DAKLOOS.
Carla Maaswinkel
Het zien van de vertrouwde massieve eikenhouten deur geeft Anne een wee gevoel in haar maag. Het is maar al te duidelijk, er is al in lange tijd geen poetslap aan te pas gekomen. Het hout is dof en de panelen laten hier en daar al los. De koperen brievenbus en deurknop zijn mat en vlekkerig groen. Het kleine bordes ziet er smerig uit. Uitwerpselen van duiven kleven aan de randen van de treeën. Ook de vensterbanken van de hoge ramen links en rechts van de smalle trap zijn besmeurd met vogelpoep. De leistenen trap naar het souterrain is amper te onderscheiden. Het straatafval en rottende bladeren hebben zich tot in alle hoeken opgehoopt. Het eens zo statige huis schept een desolate aanblik en het verscheurt haar.

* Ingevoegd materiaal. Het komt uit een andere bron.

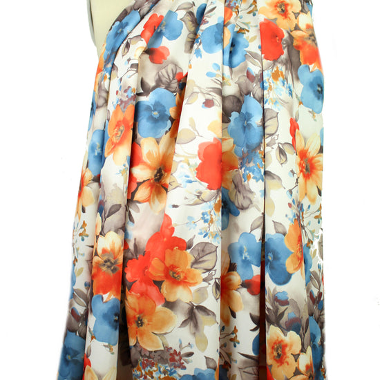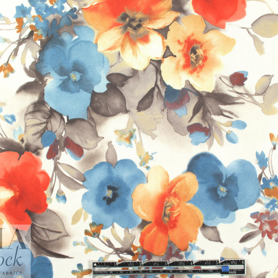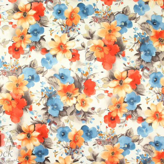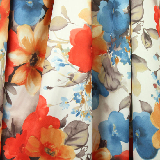 This microfiber stretch doubleknit, better known as "scuba" or "neoprene", has a matte finish and a soft drape with some body (on the spectrum of scuba knits, which are not all created equal, this one has a softer drape). It has about 50% widthwise stretch, is stable lengthwise, and the print is a lovely "vintage garden" design in shades of teal, bittersweet, mocha, etc. on a creamy white background (PANTONE 18-4036, 17-1456, 17-1210, etc.). Perfect for a sheath dress, fitted skirt or jacket, tunic, etc. Hand or machine wash or dry clean.

In haar hand houdt ze de sleutelbos, die zij die morgen bij uitzondering van de hoge heren mocht meenemen. Ze wilde het huis, haar huis nog een keer zien. Alleen. Aarzelend loopt ze de trappen op en steekt de grootste sleutel in het slot. De zware deur gaat moeilijk open. Met haar hele gewicht duwt ze er tegenaan. In de gang komt haar een muffe lucht tegemoet. De stank van de riolering en van niet geluchte ruimtes is afschuwelijk. Langzaam loopt ze de brede trap op naar de eerste verdieping en opent de deur van de kamer die zo lang de hare was. Er staat hier en daar wat onbekend meubilair. Het lentezonnetje schijnt uitnodigend naar binnen en ze gaat op de brede vensterbank in de erker zitten. Haar mijmer hoekje waar zij vele uurtjes door bracht. Voor haar ligt de gracht. Het water is dik en groen van het kroos. Hier er daar dobbert een blikje, achteloos weggeworpen door een voorbijganger. Fietsers haasten zich en scheren rakelings langs de scheef geparkeerde auto´s.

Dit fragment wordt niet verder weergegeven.